Let’s face it. Our pets are family and we want to give them the best quality of life possible. Healthy food, exercise, a comfy bed, toys, coats, and even Halloween costumes!
Healthy food is one of the most important contributors to an active, happy pet. Understanding what is, or is not in your dog’s food, is very important. In a recent blog, I wrote about looking for certain ingredients that should be avoided. Today, I am writing about something that should be included or supplemented in the diet - magnesium.
Magnesium is a mineral that controls and supports many metabolic functions - both in humans and dogs. Most of us know about the importance of potassium, but not magnesium. Magnesium supports the following functions in your dog:
Hormone functions and secretions
Maintaining electrical balance across cell membranes (muscle contraction)
Maintaining calcium movement into the muscles (keep bones strong)
Metabolic functions (turning food into energy)
Proper absorption of calcium, phosphorus, potassium, sodium, vitamin C and E
Transmission of nerve signals (thinking, brain functions)
If you think about it, almost every function of your dog’s body requires magnesium. So, if your dog has too much or too little, it can cause some serious problems. Symptoms of low magnesium levels can include depression, heart arrhythmia, lethargy and muscle pain. Symptoms of too much are similar.
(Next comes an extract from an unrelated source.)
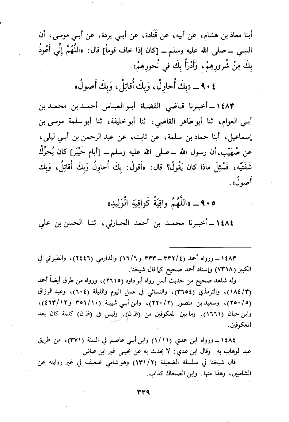 1483 - أَخْبَرَنَا قَاضِي الْقُضَاةِ أَبُو الْعَبَّاسِ أَحْمَدُ بْنُ مُحَمَّدِ بْنِ أَبِي الْعَوَّامِ، ثنا أَبُو طَاهِرٍ الْقَاضِي، ثنا أَبُو خَلِيفَةَ، ثنا أَبُو سَلَمَةَ مُوسَى بْنُ إِسْمَاعِيلَ، أبنا حَمَّادُ بْنُ سَلَمَةَ، عَنْ ثَابِتٍ، عَنْ عَبْدِ الرَّحْمَنِ بْنِ أَبِي لَيْلَى، عَنْ صُهَيْبٍ، أَنَّ رَسُولَ اللَّهِ صَلَّى اللهُ عَلَيْهِ وَسَلَّمَ أَيَّامَ خَيْبَرَ كَانَ يُحَرِّكُ شَفَتَيْهِ، فَسُئِلَ مَاذَا كَانَ يَقُولُ؟ قَالَ: «أَقُولُ §بِكَ أُحَاوِلُ وَبِكَ أُقَاتِلُ وَبِكَ أَصُولُ»

After reading the Your Dog Advisor article, What is the Optimal Level of Magnesium for Your Dog, I checked the ingredients of my dog’s dry food. I did not see magnesium mentioned, nor did I see any of the ingredients noted in the article that represent magnesium, such as magnesium oxide, bone meal, or soy. For a complete list, see the article.
Next time I am at the vet, I am going to ask if they can check my dog’s magnesium level. If it is on the low side, I will look to supplement his diet with some kidney beans.
Always check with your vet before you add supplements or change how you feed your dog. It’s always good to have a bit of knowledge so you know what questions to ask. This post is not intended to provide medical advice, just help you provide the best you can for your furry family member.